Comment by danaw
16 hours ago
i have a strong suspicion that the most productive software teams that leverage llms to build quality software will use it for the following:
- intelligent autocomplete: the "OG" llm use for most developers where the generated code is just an extension of your active thought process. where you maintain the context of the code being worked on, rather than outsourcing your thinking to the llm
- brainstorming: llms can be excellent at taking a nebulous concept/idea/direction and expand on it in novel ways that can spark creativity
- troubleshooting: llms are quite good at debugging an issue like a package conflict, random exception, bug report, etc and help guide the developer to the root cause. llms can be very useful when you're stuck and you don't have a teammate one chair over to reach out to
- code review: our team has gotten a lot of value out of AI code review which tends to find at least a few things human reviewers miss. they're not a replacement for human code review but they're more akin to a smarter linting step
- POCs: llms can be good at generating a variety of approaches to a problem that can then be used as inspiration for a more thoughtfully built solution
these uses accelerate development while still putting the onus on the developers to know what they're building and why.
related, i feel it's likely teams that go "all in" on agentic coding are going to inadvertently sabotage their product and their teams in the long run.
> intelligent autocomplete
I'm curious how much value others are finding in this. Personally I turned it off about a year ago and went back to traditional (jetbrains) IDE autocomplete. In my experience the AI suggestions would predict exactly what I wanted < 1% of the time, were useful perhaps 10% of the time, and otherwise were simply wrong and annoying. Standard IDE features allowing me to quickly search and/or browse methods, variables, etc. are far more useful for translating my thoughts into code (i.e. minimizing typing).
Same, I use Claude but cannot stand typing and being constantly flashed with suggestions that aren't right and have to keep hitting escape to cancel them. It's either manual or full AI for me. This happens in a lot if web tools that have been enhanced with AI, like a few databases with web UIs that allow querying. They are so bad. I really wish they would just dump the whole schema into the context before I begin because I don't need fancy autocomplete, I need schema, table, and column autocomplete wayyy more than I need it to scaffold out a SELECT for me.

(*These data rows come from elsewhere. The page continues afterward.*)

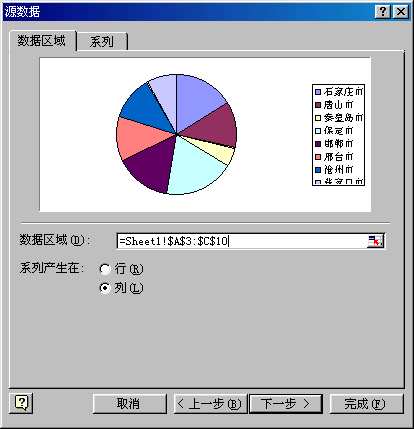 第三步:在源数据对话框中填入数据所在区域,单击完成按钮,即可得如1-9所示的饼图:
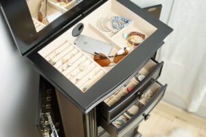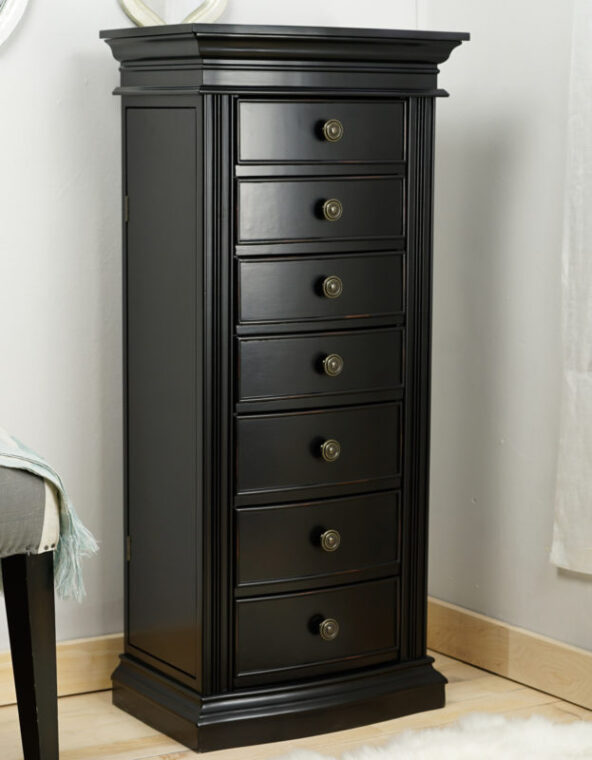 - 7 spacious pull-out drawers to store all your precious jewelry
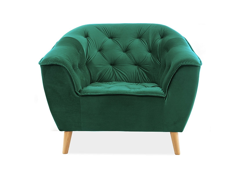 fotel, tkanina velvet zielony bluvel 78 / drewno kolor: buk
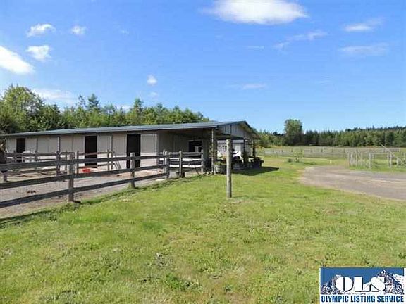 The ultimate horse property with fencing and cross fencing, partly to fence the animals away from a seasonal stream. The 1728 sq ft barn has plumbing, a bath and semi living space, a shower for the horses, stalls, the most incredible horse barn I have ever seen...the round pen has been converted to gardens, but could easily be converted back, the home is a triple wide, and faces south for nice sunny exposure and a bit of a mountain view.
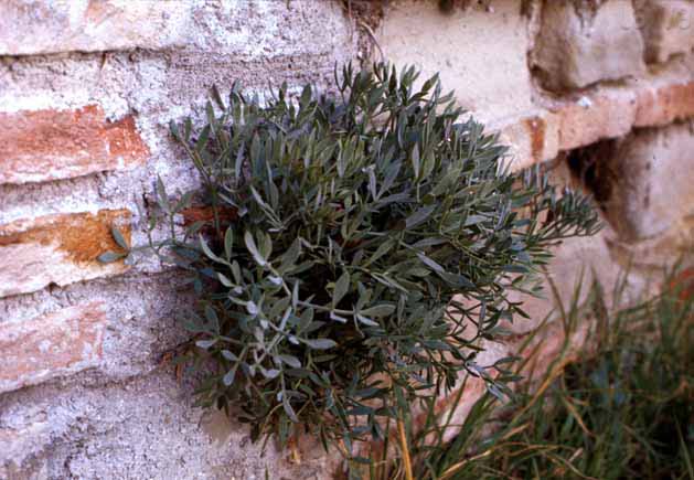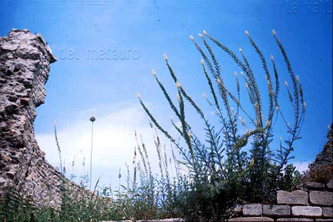Altre piante che si rinvengono a volte nelle fessure dei vecchi muri sono la felce Capelvenere (Adiantum capillus-veneris), in punti umidi e ombrosi, il Corno cervino (Plantago coronopus) e la Reseda bianca (Reseda alba), del litorale sabbioso e ghiaioso, il Critmo o Finocchio di mare (Crithmum maritimum), delle rupi esposte al mare e del litorale ghiaioso (osservato sulle mura di Fano e di Novilara), il Porradello (Allium ampeloprasum), pure presente lungo il litorale, l'Enula vischiosa (Dittrichia viscosa), piccolo arbusto frequente negli incolti e nei ghiaieti dei fiumi, l'Iperico (Hypericum perforatum subsp. angustifolium), l'Elicriso (Helichrysum italicum), il Caccialepre (Reichardia picroides), la Costolina annuale (Hypochaeris achyrophorus), la Moscatella minore (Salvia verbenaca), la Nepetella (Calamintha nepeta), la Violaciocca (Matthiola incana) e infine rampicanti legnosi come l'Edera (Hedera helix), il Rovo comune (Rubus ulmifolius) e la Vitalba (Clematis vitalba), comuni sia nei boschi e le siepi che sui ruderi. Tra le specie arboree più frequenti ricordo il Fico (Ficus carica), il Pino d'Aleppo (Pinus halepensis) e l'Ailanto (Ailanthus altissima).
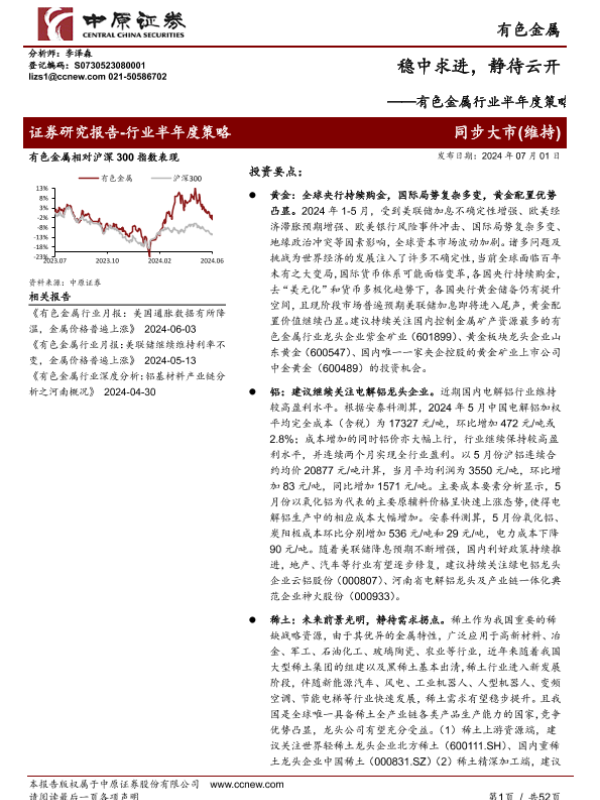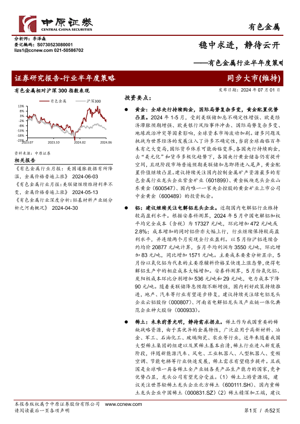 【中原证券】【20240701】20240701-中原证券-有色金属行业半年度策略:稳中求进,静待云开-52页
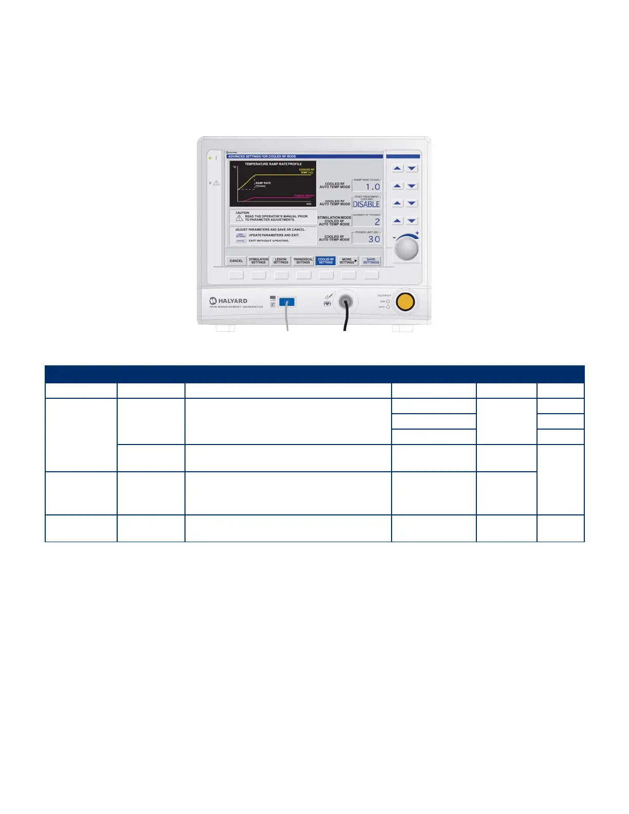 The following screen appears when COOLED RF SETTINGS is selected from the ADVANCED SETTINGS Mode:
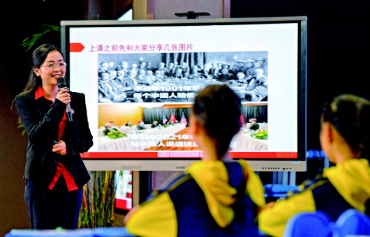 3月27日,在南昌市二十八中湾里实验学校,学生在思政课上学习党史知识。当日,江西南昌市二十八中教育集团湾里实验学校举行党史教育进校园主题活动,通过思政课、歌舞、主题朗诵等活动,向学生普及党史知识。 新华社记者彭昭之摄
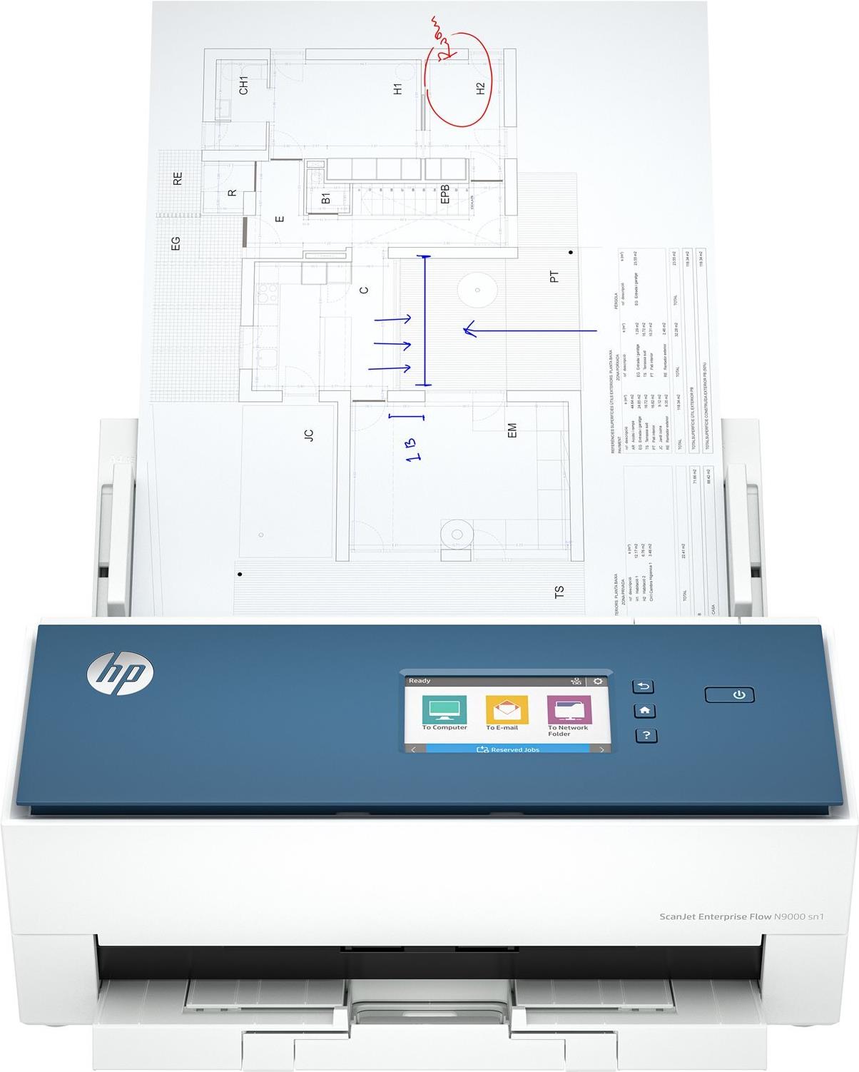 HP ScanJet Enterprise Flow N9000 sn1 eignet sich ideal zum Scannen großformatiger Dokumente, zur problemlosen Handhabung großer Volumen und zur Netzwerkkonnektivität für eine nahtlose Integration in Büroumgebungen.
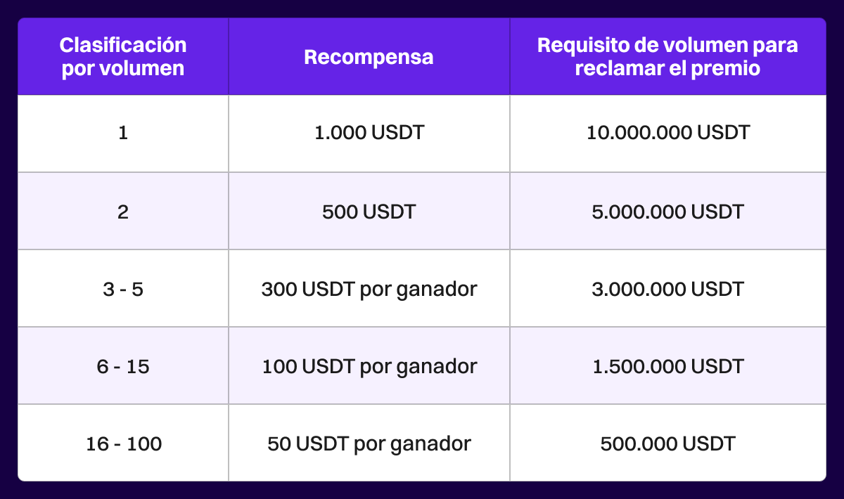 ¡Muestra tu poder para hacer trading y destácate entre la multitud del Carnaval! ¡Opera más para ganar! Alcanza el volumen más alto de la competición para obtener 1.000 USDT.
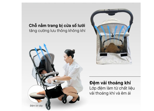 Trang bị lớp đệm làm từ chất liệu vải thoáng khí, giúp ngăn tình trạng bí hơi và giữ cho bé luôn khô thoáng, dễ chịu, đặc biệt phù hợp với thời tiết nóng ẩm.
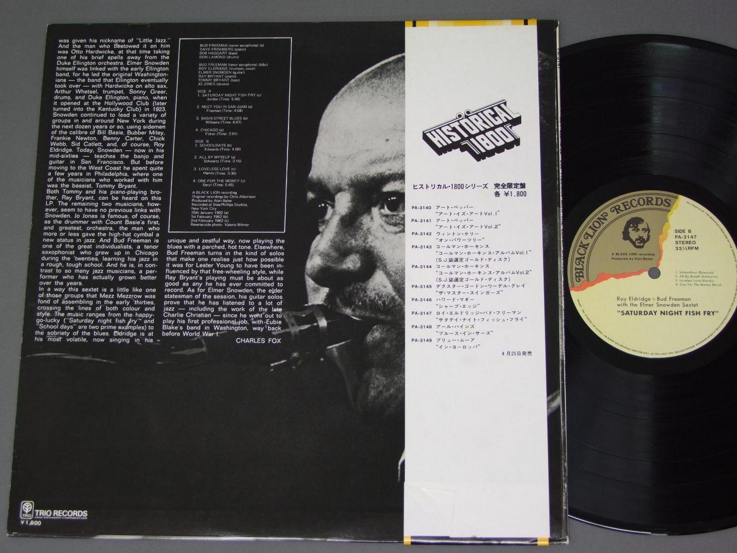 ROY ELDRIDGE AND BUD FREEMAN WITH THE ELMER SNOWDEN SEXTET/SATURDAY NIGHT FISH FRY PA-3174 製造国:日本盤 / Media:LP外観:EX盤の状態:EX+帯:EX 価格(税込):¥838(売約済) 送料 7inch:定形外郵便 360円~LP:定形外郵便 660円~送料は、注文の最終画面で確認頂けます。 > > ROY ELDRIDGE AND BUD FREEMAN WITH THE ELMER SNOWDEN SEXTET/SATURDAY NIGHT FISH FRY 外観 (EX)特記事項:全体的にスレやスリキズ、よごれ等の少ないきれいな状態。裏ジャケの上ヘリにテープ小有り。解説カード付。外観EXの共通説明:ダメージが限定的。中古品としては保存状態がよい方。シミ、ヨゴレ、スレ 少し~軽度。 盤の状態 (EX+)特記事項:極薄いスリキズ・スレ少しだけ。一見してきれいな状態です。盤EX+の共通説明:盤面の極薄いスリキズ、スレ少し程度 音に出そうなものは無いように見える(極軽微なソフトティック音は除く)。 帯の状態 (EX):上ヘリで切れ小。表側下の方にヨレが少し。全体的にはヨレの少ないしっかりした状態。 Tweet それぞれの画像をクリックすると、大きい写真が見られます こちらの商品もお勧めです 880円 V-DISC ALL-STAR JAM SESSIONSVディスク・オールスター・ジャムセッション / V-DISC ALL-STAR JAM SESSIONSVディスク・オールスター・ジャムセッション VOL.5 1,320円 DON ELLIS ORCHESTRAドン・エリス楽団 / STUDY IN GREAT BIG BAND 20-LIVE AT MONTEREY !ライヴ・アット・モンタレー 1,650円 KEITH JARRETTキース・ジャレット / FACING YOUフェイシング・ユー 1,320円 GERY PEACOCKゲーリー・ピーコック / TALES OF ANOTHERTALES OF ANOTHER 770円 JACQUES LOUSSIER TRIO - ROYAL PHIL. ORCH.ジャック・ルーシェ・トリオ - ロイヤル・フィルハーモニー管弦楽団 / BACH - BRANDENBURG NO5バッハ - ブランデンブルグ協奏曲第5番 1,210円 BUCK CLAYTONバック・クレイトン / PASSORT TO PARADISEスポート・トゥ・パラダイス 1,320円 JOHN HALLジョン・ホール / JOHN HALLジョン・ホールの世界 1,650円 MASARU IMADA今田勝 / CARNIVAL哀愁のカーニヴァル
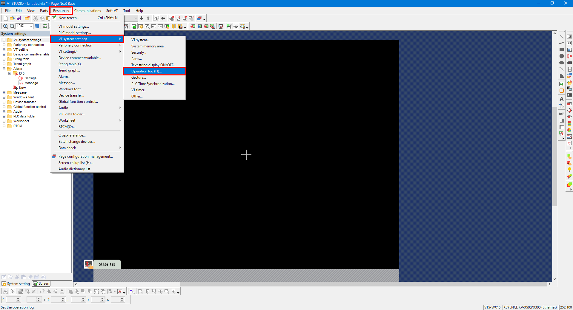 1. From the menu, select [Resources] -> [VT system settings] -> [Operation log].

I have it on a long timer so that I have to pause for a while before the auto-complete prompt appears. I've found I tend to deliberately set things up for it to attempt when I know I'm going to have to type a bunch of boiler plate or some code that's logically straightforward but syntactically fiddly ie. I write a quick comment describing what the next few lines should do and then wait a seconds for it to make the suggestion
Even worse, I've seen the JetBrains AI auto-complete insert hard-to-spot bugs, like two nested for loops with i and j for loop index variables, where the inner loop was fairly complex and incorrectly used i instead of j in one place.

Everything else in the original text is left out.